Neuronal networks underlying and related to horizontal eye movements were visualized by retrograde transneuronal tracing with rabies virus from the left medial rectus muscle in guinea pigs. Time‐sequenced labelling revealed distinct circuitries involved in particular oculomotor functions, i.e. vestibulo‐ocular reflex and saccade generation (brainstem circuitry), adaptive plasticity (cerebellar modules) and possibly motivation and navigation (limbic, hippocampal and cortical structures). Our results provide a first comprehensive road map of the oculomotor system that is unsurpassed by any previous tracing study. We report a number of unexpected findings that illustrate a much vaster and more complicated network for the control of the relatively simple horizontal eye movements than had been envisioned previously.

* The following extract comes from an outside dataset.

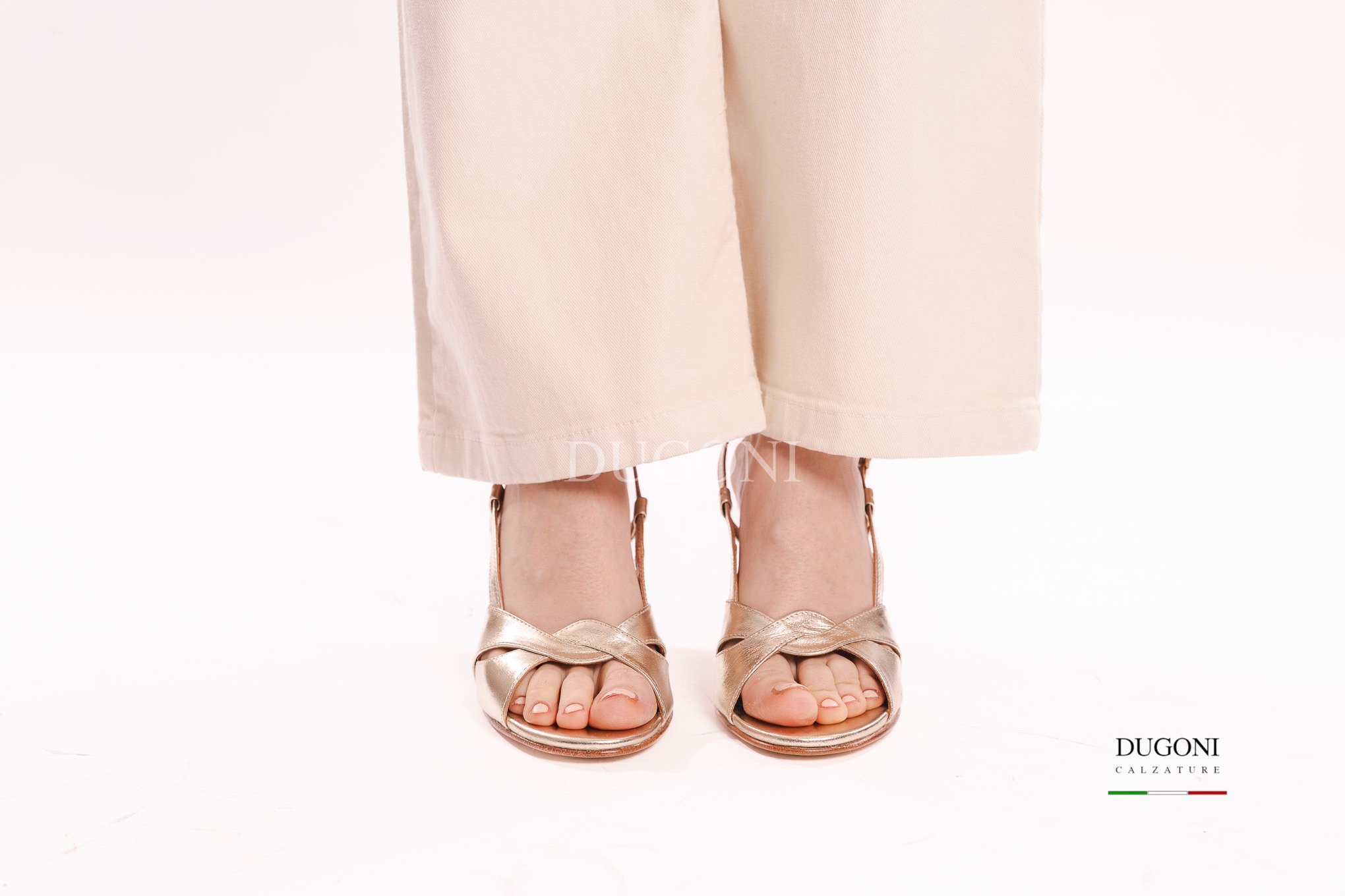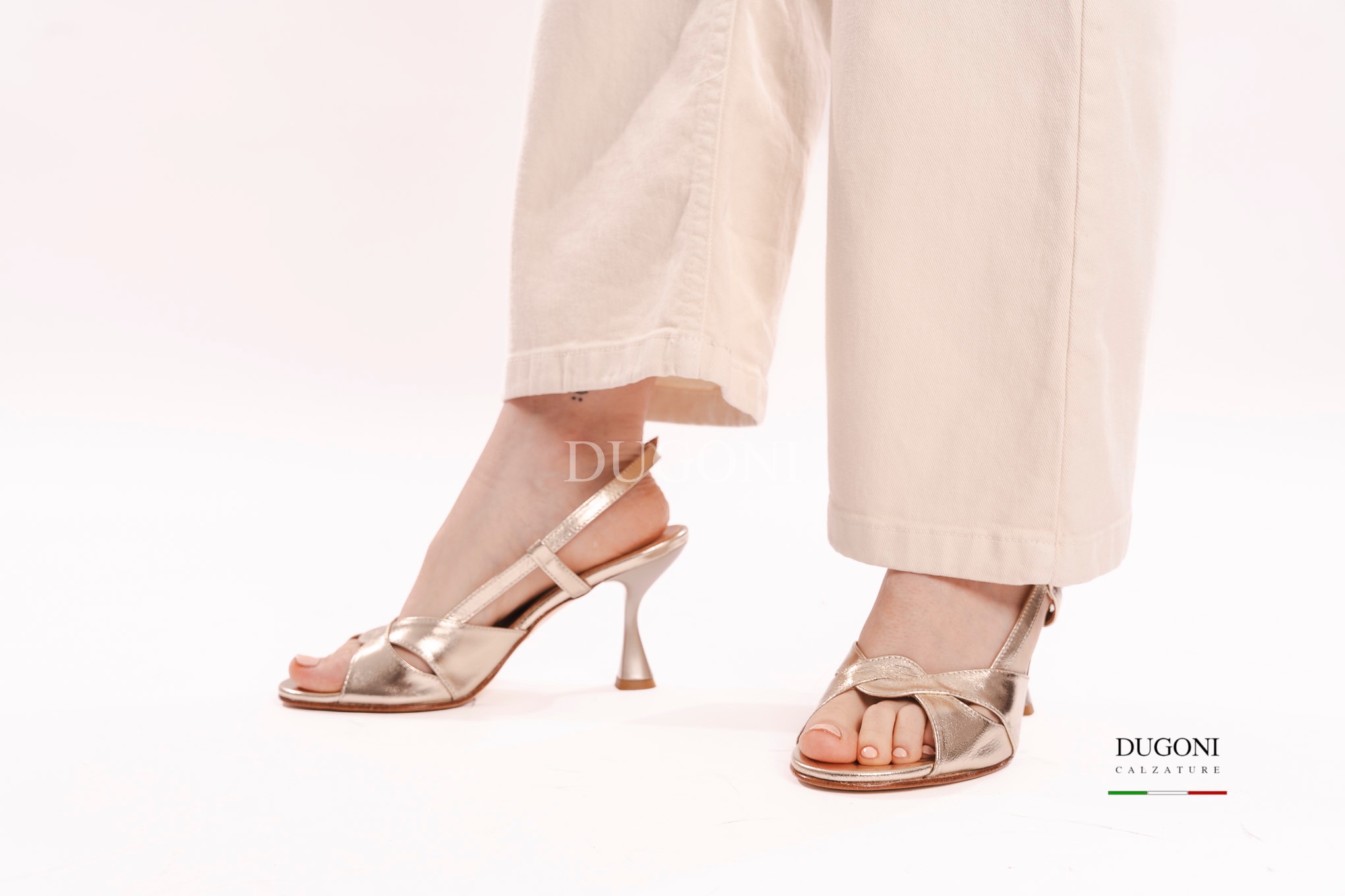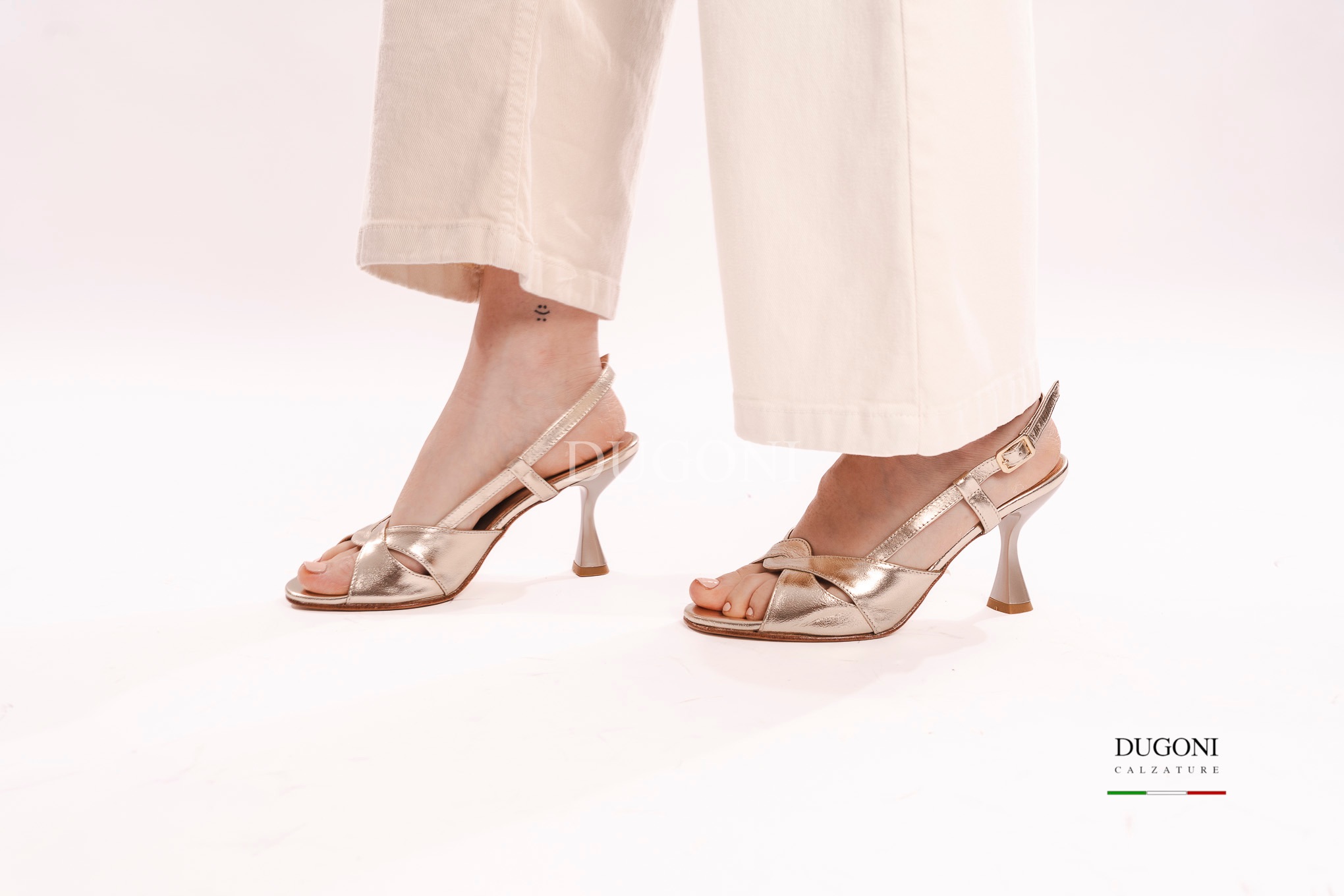Sandalo in pelle laminata platino su dima tonda , con cinturino regolabile . Tacco 90 mm laccato in tinta . Suola in cuoio.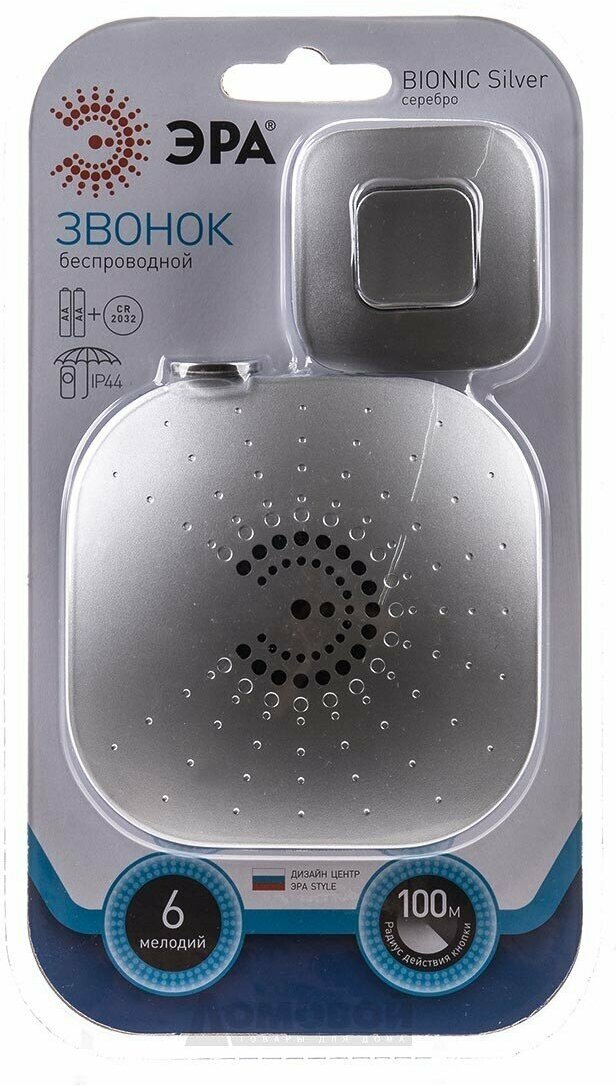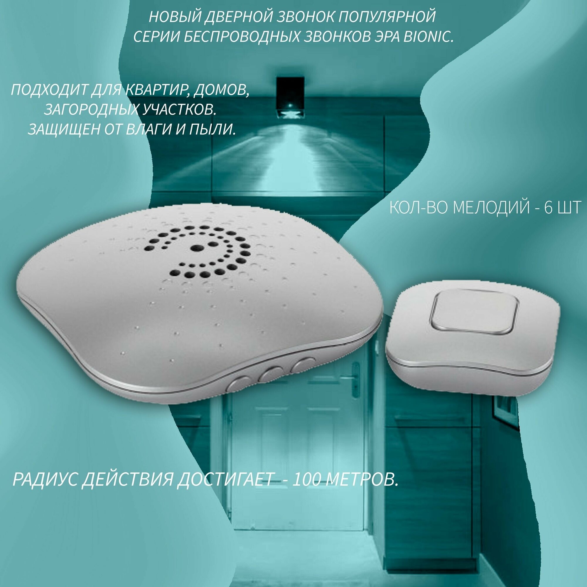 Беспроводной звонок ''Эра Bionic'' предназначен для использования в качестве дверного звонка или устройства внутреннего вызова. Может крепиться на двусторонний скотч или шурупы. Универсальный дизайн, компактность и простота установки позволяют использовать звонок в квартире, загородном доме и в офисе.

Rabies Virus as a Transneuronal Tracer of Neuronal Connections

Powerful transneuronal tracing technologies exploit the ability of some neurotropic viruses to travel across neuronal pathways and to function as self-amplifying markers. Rabies virus is the only viral tracer that is entirely specific, as it propagates exclusively between connected neurons by strictly unidirectional (retrograde) transneuronal transfer, allowing for the stepwise identification of neuronal connections of progressively higher order. Transneuronal tracing studies in primates and rodent models prior to the development of clinical disease have provided valuable information on rabies pathogenesis. We have shown that rabies virus propagation occurs at chemical synapses but not via gap junctions or cell-to-cell spread. Infected neurons remain viable, as they can express their neurotransmitters and cotransport other tracers. Axonal transport occurs at high speed, and all populations of the same synaptic order are infected simultaneously regardless of their neurotransmitters, synaptic strength, and distance, showing that rabies virus receptors are ubiquitously distributed within the CNS. Conversely, in the peripheral nervous system, rabies virus receptors are present only on motor endplates and motor axons, since uptake and transneuronal transmission to the CNS occur exclusively via the motor route, while sensory and autonomic endings are not infected. Infection of sensory and autonomic ganglia requires longer incubation times, as it reflects centrifugal propagation from the CNS to the periphery, via polysynaptic connections from sensory and autonomic neurons to the initially infected motoneurons. Virus is recovered from end organs only after the development of rabies because anterograde spread to end organs is likely mediated by passive diffusion, rather than active transport mechanisms.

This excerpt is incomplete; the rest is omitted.